Cybercrime fighters look to AI to fill talent gap
Cybercrime fighters may soon rely more heavily on AI to plug growing gaps in the industry's workforce.
Why it matters: Attacks on private and public systems online are outpacing the industry's growth to defend against them.
State of play: The global cyber workforce reached an all-time high of 4.7 million people last year, up about 11% from 2021, a study from nonprofit (ISC)² study found.
- But the workforce gap — which measures the expected shortfall in filling new roles the industry wants to add to meet that demand — grew more than twice as much (26%).
- Compared with 2021, far more cybersecurity professionals said that their organization had experienced issues such as lacking proper time for assessment and training, and slow patching of critical systems due to a lack of talent.
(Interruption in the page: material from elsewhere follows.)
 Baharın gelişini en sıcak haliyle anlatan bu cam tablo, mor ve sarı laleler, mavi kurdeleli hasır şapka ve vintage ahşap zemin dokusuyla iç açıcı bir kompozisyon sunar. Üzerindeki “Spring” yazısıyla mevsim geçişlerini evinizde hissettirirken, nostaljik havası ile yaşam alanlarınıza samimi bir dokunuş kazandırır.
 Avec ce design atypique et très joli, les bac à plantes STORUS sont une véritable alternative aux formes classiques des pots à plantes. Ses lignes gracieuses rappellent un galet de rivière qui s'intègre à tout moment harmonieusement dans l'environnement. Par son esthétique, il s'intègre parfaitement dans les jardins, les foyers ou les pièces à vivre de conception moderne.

What they're saying: "We can train [generative AI] to do some pretty incredible things to enable less-skilled security practitioners to up their game in being able to analyze data more quickly, more accurately," Chester Wisniewski, field CTO applied research at Sophos, told Axios in an interview last week at the RSA conference.
Threat level: Burnout among workers may worsen with more work on their shoulders, potentially widening the talent gap if they leave their organizations.
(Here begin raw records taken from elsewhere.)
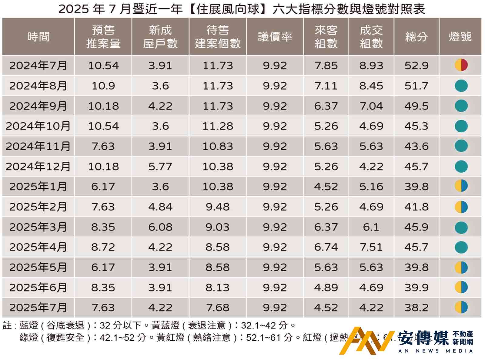 【AN不動產新聞網/蕭又安/綜合報導】代表北台灣新建案市場的「住展風向球」7月持續亮出黃藍燈,得分38.2分,創下新冠疫情後最低紀錄,為2025年第5顆黃藍燈。六大構成項目呈現「一升、一平、四降」格局,顯示房市景氣持續低迷。住展雜誌企研室總監陳炳辰指出,7月預售屋推案量較前月大減百億元,僅剩600多億元,反映建商在暑假、颱風季、民俗月及關稅政策等多重利空下採保守策略。
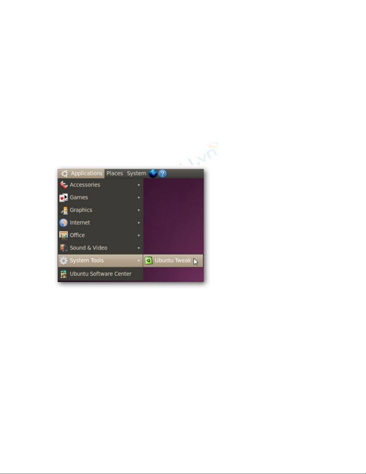 Khởi động Ubuntu Tweak tại Applications > System Tools: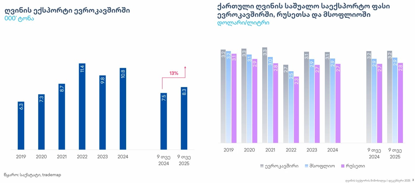 ევროკავშირში ქართული ღვინის ექსპორტი კვლავ იზრდება — 2025 წლის 9 თვეში 13%-ით. ექსპორტის ფასები ევროკავშირში სტაბილურად უფრო მაღალია, ვიდრე გლობალურად და რუსეთში.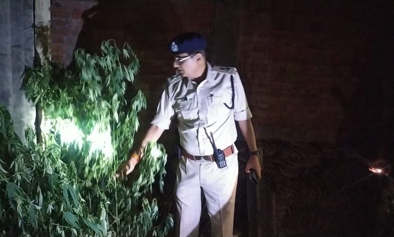 गांजे की खेती पर एसपी की दविश, मौके पर एसडीओपी व थाना प्रभारी भी दल बल के साथ।

The big picture: Digital vulnerabilities have exploded as the proportion of consumers' lives being spent online has grown.
- That reality is butting up against a shrinking pipeline of cybersecurity talent as interest in STEM from young people continues to dwindle.
What to watch: A majority of companies (57%) responding to the (ISC)² survey said they've already adopted automation to help reduce labor shortages.